══ DATA PROVIDED ══
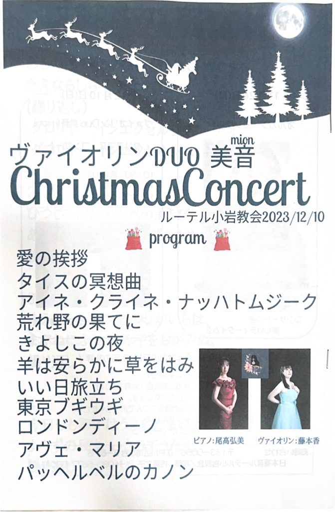 日時 2023年12月10日(日) 12:00~ 会場 ルーテル小岩教会 出演 ピアノ 尾高弘美 バイオリン 古沢香 曲目 愛のあいさつ タイスの瞑想曲 羊は安らかに草をはみ ロンドンディーノ ほか -
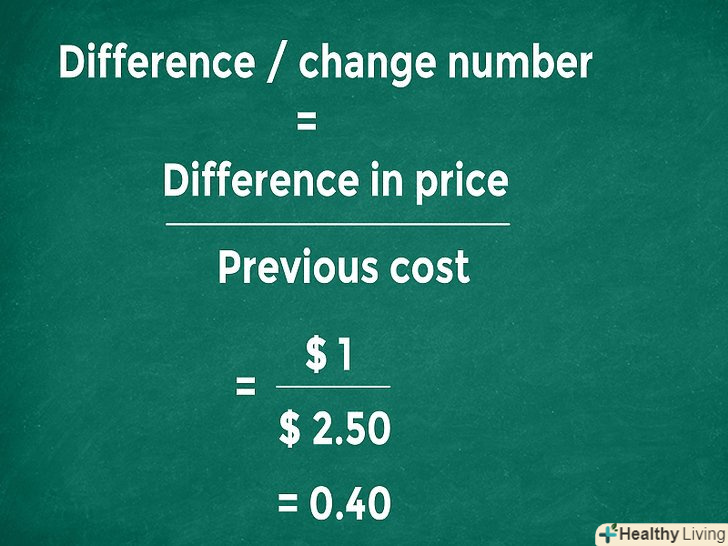 Відніміть колишнє значення вартості з поточного.почніть розрахунок з підстановки своїх даних у формулу. Потім спростіть зовнішній вигляд формули, розрахувавши різницю між поточною і колишньою вартістю товару в чисельнику.[5]- Наприклад, якщо раніше ви платили за пакет молока 55 рублів, а тепер він коштує 60 рублів, необхідно відняти з останньої ціни її колишнє значення, і у вас вийде різниця в розмірі 5 рублів.
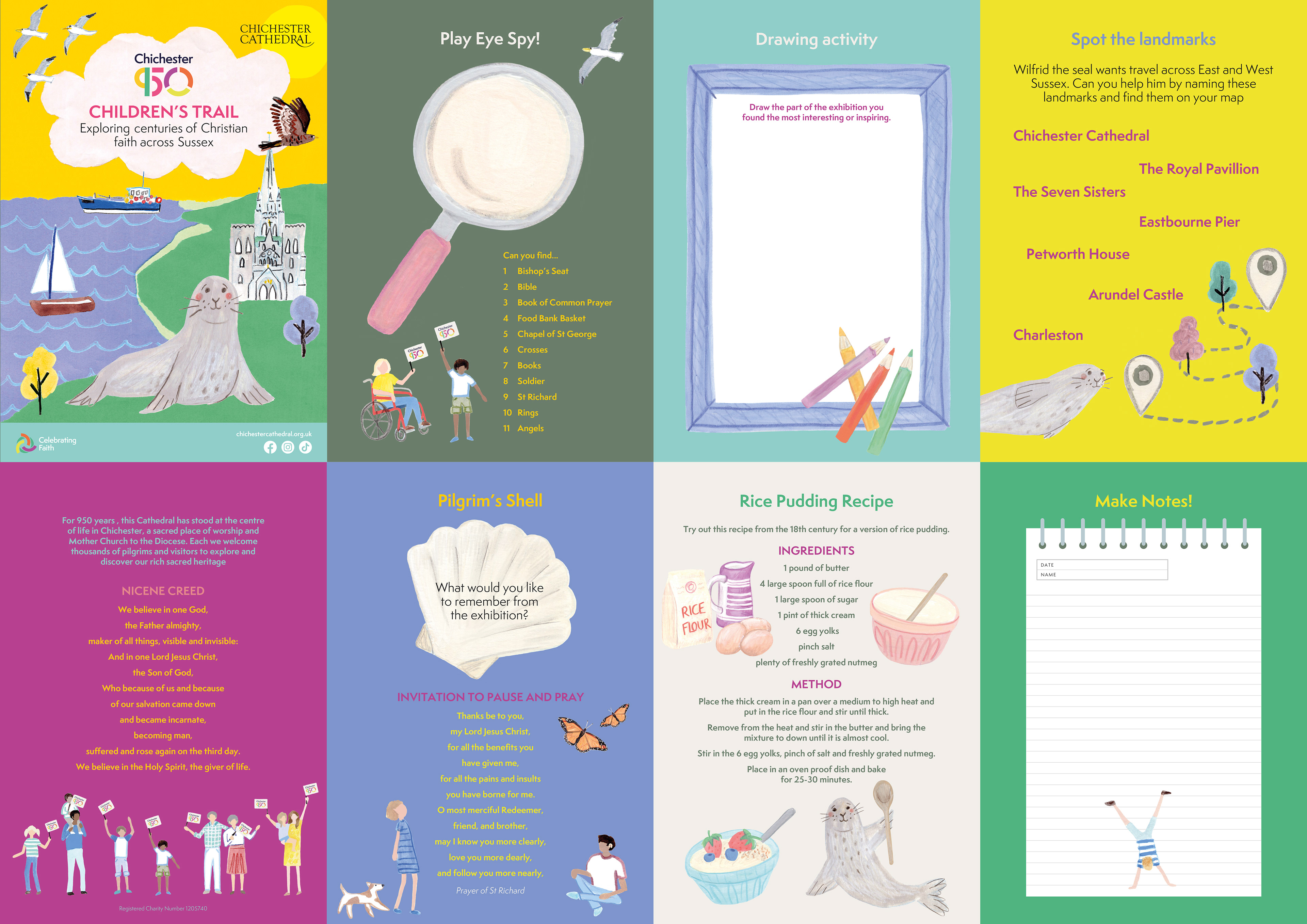Meet Wilfrid the seal. Featured in an illustrated A2 adventure trail that folds down to an A5 size. In celebration of #chichester950 - the 950th anniversary of the Diocese of Chichester and the Cathedral. Concept, Illustration and Design.
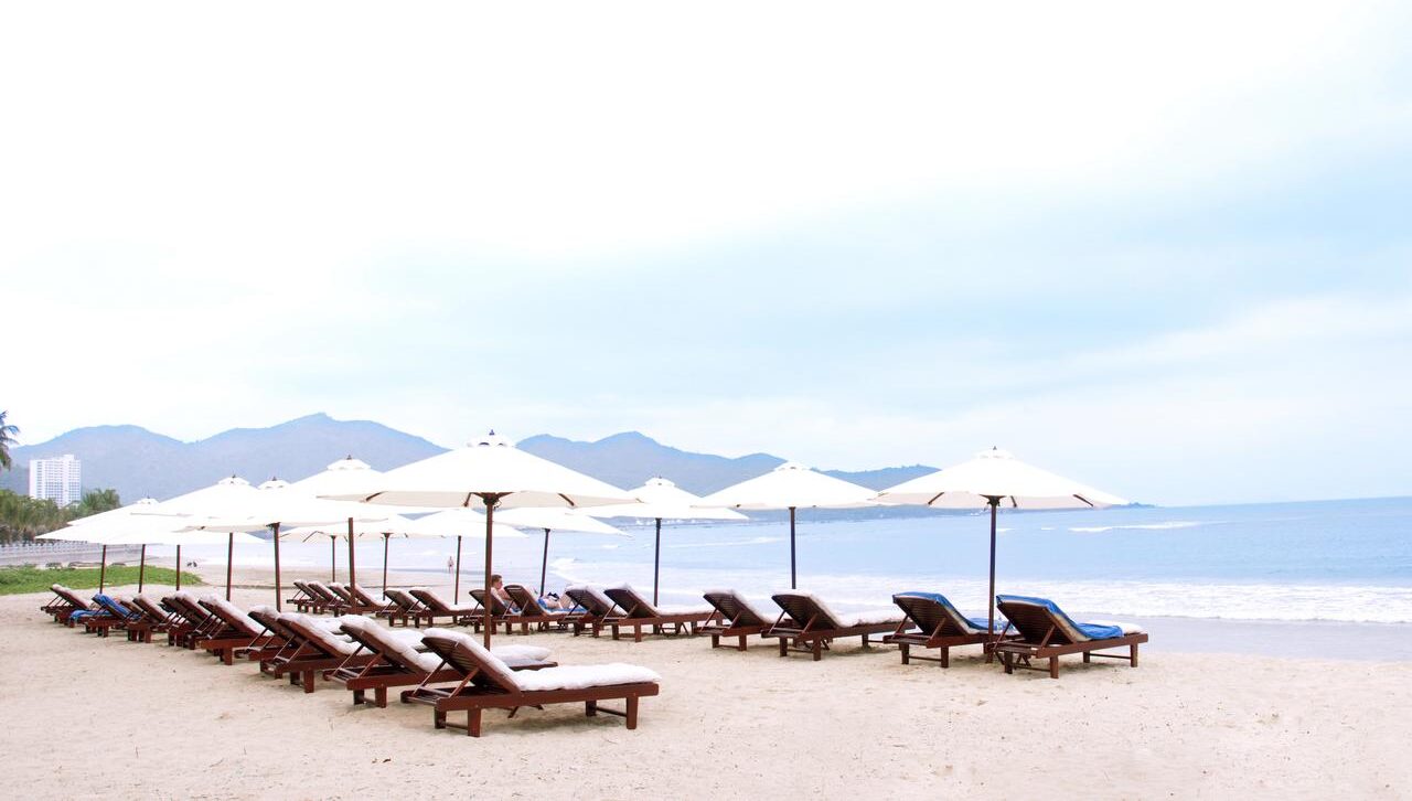 Пляж рядом с отелем не такой многолюдный, как в центре курорта, поэтому здесь можно спокойно отдыхать. Море достаточно беспокойное, но волны не слишком сильные, в отличие от центральных пляжей в Нячанге.
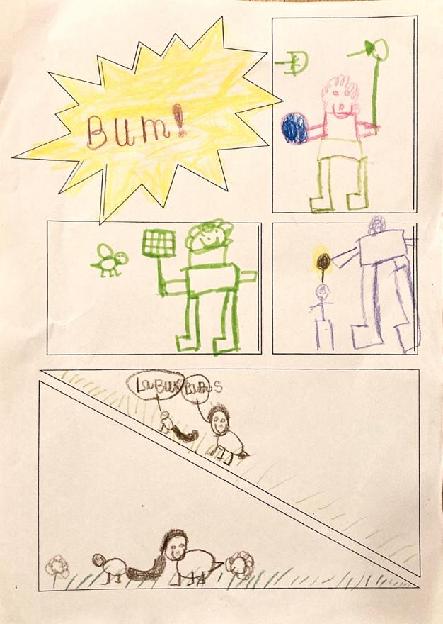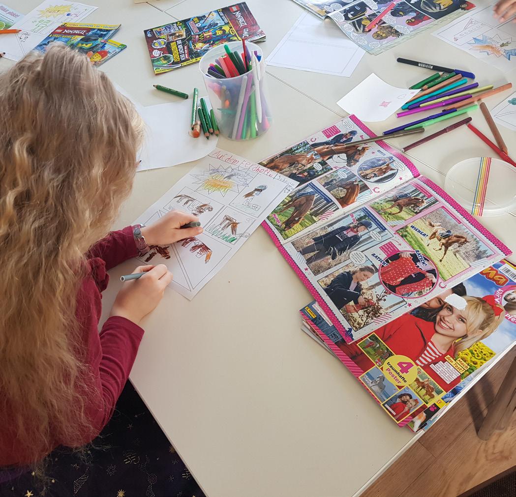 Pradinukų mokytoja Sigita norinčius vaikus pakvietė pačius kurti komiksus. Smagu, kad tokių kūrėjų buvo daug daugiau, nei tikėjomės. Kai kas spėjo ir komiksą nupiešti, ir dar žurnalais pasikeisti.
═══
- **TRY IT**
After locating the line that contains "Meet Wilfrid the", output it and all later lines through the end of the material exactly, leaving out pictures.

- **RESPONSE BELOW**
Meet Wilfrid the seal. Featured in an illustrated A2 adventure trail that folds down to an A5 size. In celebration of #chichester950 - the 950th anniversary of the Diocese of Chichester and the Cathedral. Concept, Illustration and Design.
 Пляж рядом с отелем не такой многолюдный, как в центре курорта, поэтому здесь можно спокойно отдыхать. Море достаточно беспокойное, но волны не слишком сильные, в отличие от центральных пляжей в Нячанге.
 Pradinukų mokytoja Sigita norinčius vaikus pakvietė pačius kurti komiksus. Smagu, kad tokių kūrėjų buvo daug daugiau, nei tikėjomės. Kai kas spėjo ir komiksą nupiešti, ir dar žurnalais pasikeisti.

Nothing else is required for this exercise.